MCP 服务器

semantic-code-mcp

A local MCP server that provides semantic code search for Python codebases using tree-sitter for chunking and LanceDB for vector storage. It enables natural language queries to find relevant code snippets based on meaning rather than just text matching.

README

semantic-code-mcp

MCP server that provides semantic code search for Claude Code. Instead of iterative grep/glob, it indexes your codebase with embeddings and returns ranked results by meaning.

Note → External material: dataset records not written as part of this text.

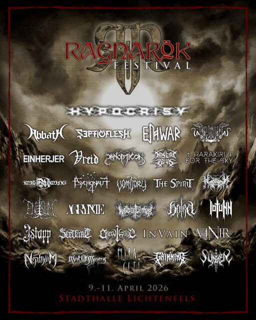 Vom 09. bis 11. April 2026 öffnet die Stadthalle Lichtenfels erneut ihre Tore für eines der bedeutendsten Pagan‑, Viking‑ und Black‑Metal‑Festivals im deutschsprachigen Raum. Mit einer Kapazität von rund 4.000 Besucher*innen zählt das Ragnarök Festival zu den wichtigsten Indoor‑Events der Szene und zieht jährlich Fans aus ganz Europa nach Oberfranken. Auch 2026 verspricht das dreitägige Festival eine Mischung aus etablierten Größen, atmosphärischen Geheimtipps und internationalen Acts, die das Spektrum von melodischem Death Metal über Blackgaze bis hin zu Pagan‑Folk abdecken.
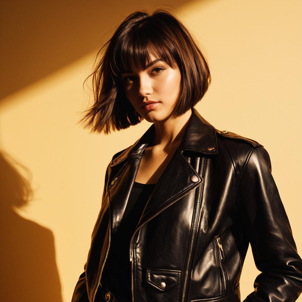 Stacked Bob hairstyle on young girl, wearing asymmetrical dress, in rooftop terrace, captured in fashion editorial style with cool tone lighting.
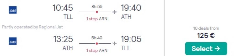 SAS pakub hetkel väga hea hinnaga lennupileteid Kreekasse. Edasi-tagasi lennupiletid Tallinnast Ateenasse leiab üles alates 125€ eest ja saadaval on soodsaid lennukuupäevi augustist novembrini. Lendudel on mõlemal suunal üks ümberistumine Stockholmis või Kopenhaagenis. Parima hinnaga lennupiletid leiad üles läbi Skyscanneri. Või kliki allolevatel näidiskuupäevadel.
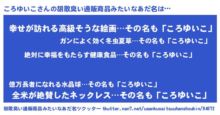 | 意味不明あだ名 | 『永久保存ころゆいこ』『自称ころゆいこ』 |
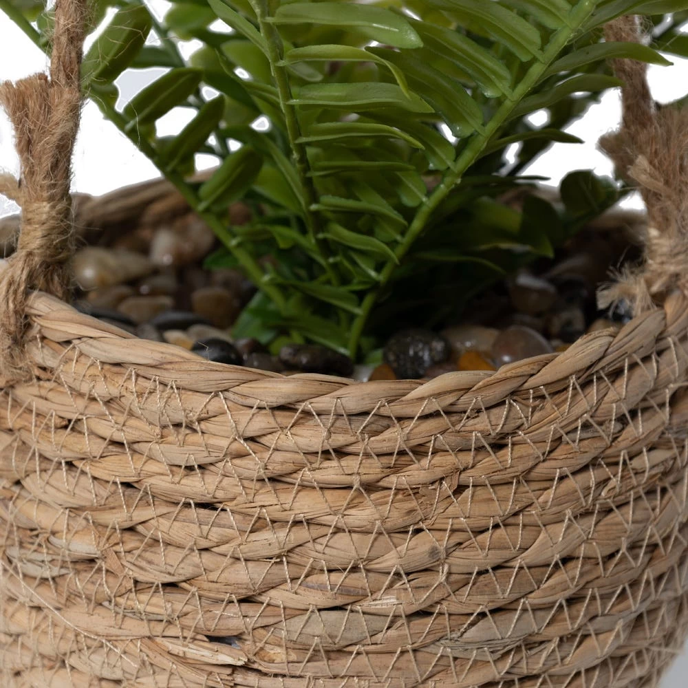 Thanks to the elongated glossy green leaves, the artificial rattan fern will be an attention-grabbing hanging plant that is low-maintenance and will look stunning all year round. Placed on a braided basket with a brown rope hanger, it will round off the cosy ambience in your living space, dining room, bedroom, corridors and entryways.

Supports Python, Rust, and Markdown — more languages planned.

How It Works

Claude Code ──(MCP/STDIO)──▶ semantic-code-mcp server
                                    │
                    ┌───────────────┼───────────────┐
                    ▼               ▼               ▼
              AST Chunker      Embedder        LanceDB
             (tree-sitter)  (sentence-trans)  (vectors)

Chunking — tree-sitter parses source files into functions, classes, methods, structs, traits, markdown sections, etc.
Embedding — sentence-transformers encodes each chunk (all-MiniLM-L6-v2, 384d)
Storage — vectors stored in LanceDB (embedded, like SQLite)
Search — hybrid semantic + keyword search with recency boosting

Indexing is incremental (mtime-based) and uses git ls-files for fast file discovery. The embedding model loads lazily on first query.

Installation

macOS / Windows

PyPI ships CPU-only torch on these platforms, so no extra flags are needed (~1.7GB install).

uvx semantic-code-mcp

Claude Code integration:

claude mcp add --scope user semantic-code -- uvx semantic-code-mcp

Linux

[!IMPORTANT] Without the --index flag, PyPI installs CUDA-bundled torch (~3.5GB). Unless you need GPU acceleration (you don't — embeddings run on CPU), use the command below to get the CPU-only build (~1.7GB).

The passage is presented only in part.